And still, no word came from inside the walls of Ness.

A warrior came to him from one of the lesser clans, a weakling of a man who should have been weeded out long ago. His name was Horfnüng, and he was known far and wide for being a thrall to his wife. Still, he had the courage to speak to Mörget, man-to-man. Mörget led him inside his tent and together they sat on stools and shared the warmth of his charcoal stove. “The snow lies on the ground today, and does not melt,” Horfnüng said.

“I saw it,” Mörget told him. He wanted to smack the man with the backside of his hand for wasting his time, but instead he nodded sagely, as if this were some grand observation.

“This morning I went to make water, and by the time I was done, my piss had frozen on the ground,” Horfnüng went on.

If the man did not get to his point soon, he would gut him.

“Every day we throw rocks over this wall, like bad neighbors throwing garbage over a fence,” the little man said. “Inside the city, they sleep in warm beds, and enjoy their women. I want a bed.” Horfnüng smiled, as men do who are about to make a joke they think hilarious. “I want to enjoy their women.”

“Mörg, my father—ah, and chieftain of us all,” Mörget said, very slowly, “has decreed the city must not be harmed. So we can enjoy it more when it is ours.”

“Every day he tells us this. And nothing changes. Meanwhile, an army camps not thirty miles away. An army we could walk over with bare feet. Mörg, your father, leaves them in peace.”

“Such is his decision. Some, in the past,” Mörget said, “have called him Mörg the Wise.”

“Some now call him Mörg the Merciful,” Horfnüng said, spitting out the insult.

Mörget nodded sagely again. “Who do you speak for?” he asked.

“Only myself,” Horfnüng admitted.

“Ah. Very good. I am glad to offer you the hospitality of my tent,” he said, and stood up. Horfnüng was smart enough, at least, to rise as well, and take his leave.

At the flap of the tent, however, Horfnüng stopped a moment. “There are many others who would say the same things.”

“Let them come to me and speak, for there is no harm in it. Now—get out of my tent. You’re letting in the cold,” Mörget said, and took a step toward the flap.

Horfnüng all but ran away.

“Spittle of a man,” Mörget cursed when he was gone.

Balint raised her head from where she lay on a pile of furs in the corner. “That almost sounded like a real insult,” she said. “You must be learning from me.”
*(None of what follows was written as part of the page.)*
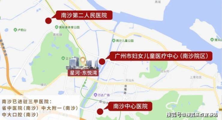 周边医院:广州市第一人民医院南沙分院、广州妇女儿童医疗中心南沙院区(在建)、中山大学附属第一南沙医院、中山大学附属南沙口腔医院(在建)等。

Mörget snarled. “I would wipe my arse with his kind if—”

“If you didn’t need their support,” the dwarf said. “Aye, barbarian, you can’t do this thing alone. If you’re still committed to doing it at all. You need to make up your mind, you know. A man sitting on a fence too long gets a post up his backside.”

But Mörget had already decided. Horfnüng had spoken true when he’d said many others thought the same as he. Mörget had heard similar veiled threats from a hundred men already, and knew there would be no question when he made his move. Mörg’s plan for taking the city wasn’t working fast enough. The barbarians were not famous for their patience. “I’ll go and make the challenge now, if you like, little one.” He reached for his axe.
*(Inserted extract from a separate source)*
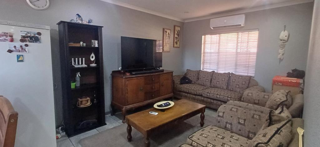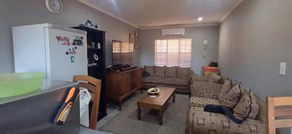Step inside to a functional layout featuring a lounge and a separate dining room, providing distinct spaces for relaxation and meals. The living areas boast neutral grey walls and durable tiled flooring, complemented by natural light from windows fitted with blinds. Air conditioning units ensure climate control, while recessed ceiling lights provide ample illumination throughout the main living spaces.

“Don’t you dare. If you get cut down, they’ll make me one of their thralls. I’ll have to carry rocks and sharpen weapons for the rest of my life,” Balint said. “I could probably fuck my way out of thralldom in a month, of course, but it would be a very smelly, very sore month. No—you need to do this the classical way. In the middle of the night when no one’s looking.”

Mörget scowled. He would have preferred to kill his father in broad daylight. But he supposed she had a point. Mörg cheated—he was famous for it. Perhaps it was time to see how he felt when someone broke the rules on
him
.

Chapter Eighty-Nine

T
he rocks kept coming, though not as frequently as when the bombardment began. Most of the missiles struck Castle Hill—sticking up above the level of the wall, it made an excellent target—and did little harm. The constant fear of attack might actually have helped Malden a little, since it kept people off the streets.

On top of everything else—starvation, greedy thieves, a horde of barbarians—now he had to worry that the city would be overrun from within, by a mob of zealots.

The cry for blood sacrifice had been taken up all over the city. His thieves and whores seemed mostly immune, but the honest folk of Ness had given themselves over to religious mania. Every day more people claimed that if the proper sacrifices were made at the Godstone, the barbarians would have no choice but to pack up and leave. Conversely, a rumor started making the rounds that failure to appease the Bloodgod would cause the city wall to collapse.

That was not based entirely on conjecture. Malden had heard a rumor when he as a child—grisly stories being a favorite topic of conversation for street urchins—that when Juring Tarness built the wall eight hundred years ago, he had sacrificed his three chief architects to Sadu and mixed their blood with the mortar that held the bricks together. He had thereby made the wall impenetrable to mortal weapons. In eight centuries that theory had never been tested. Now it seemed an article of faith that the shield of blood must be replenished in time of need.

On his daily patrol of the city, Malden started finding the carcasses of animals lying before the Godstone. He knew better than to forbid it—even though the city desperately needed the meat. The common people of Ness, it seemed, would rather starve than risk the eternal punishment of their god. The looming altar had been ritually desecrated back when the Burgraves decided to outlaw the priesthood of Sadu, but it seemed the stone had been rededicated to the Bloodgod. For the first time in centuries it was being used for its original purpose.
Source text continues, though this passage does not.